◆ Assigned task:
Exact repetition of a range: find the line containing "Москва. 31 октября." and the line containing "B850-PLUS WIFI ATX主機板" in the material below, then repeat both and all lines between them, leaving pictures out.

◆ Data shown:
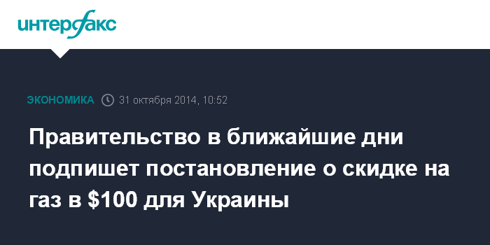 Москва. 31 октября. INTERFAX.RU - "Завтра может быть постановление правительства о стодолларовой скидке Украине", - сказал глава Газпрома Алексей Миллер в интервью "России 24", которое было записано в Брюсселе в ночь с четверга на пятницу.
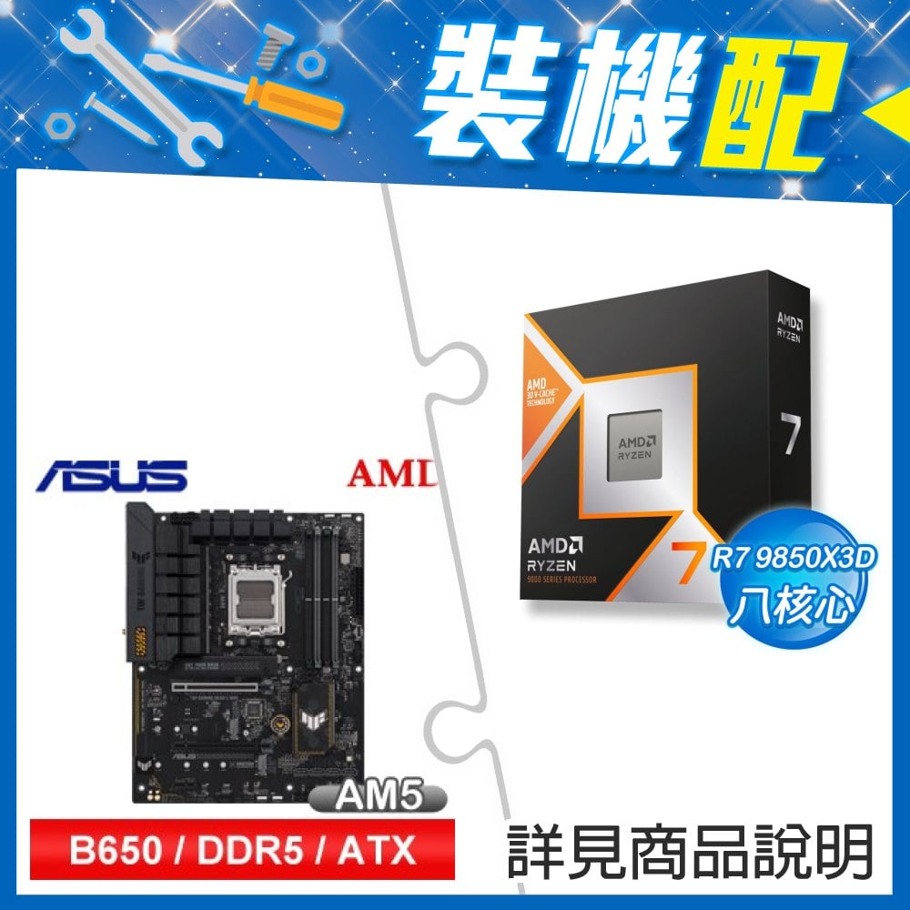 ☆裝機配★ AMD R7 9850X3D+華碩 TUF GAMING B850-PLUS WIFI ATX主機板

==

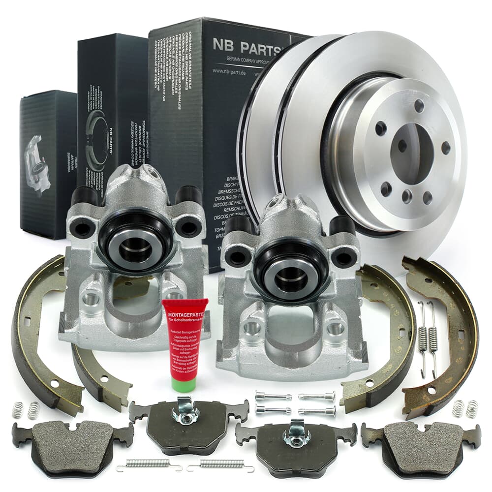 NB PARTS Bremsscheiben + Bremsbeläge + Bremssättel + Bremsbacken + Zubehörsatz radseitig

◆ Written answer:
 Москва. 31 октября. INTERFAX.RU - "Завтра может быть постановление правительства о стодолларовой скидке Украине", - сказал глава Газпрома Алексей Миллер в интервью "России 24", которое было записано в Брюсселе в ночь с четверга на пятницу.
 ☆裝機配★ AMD R7 9850X3D+華碩 TUF GAMING B850-PLUS WIFI ATX主機板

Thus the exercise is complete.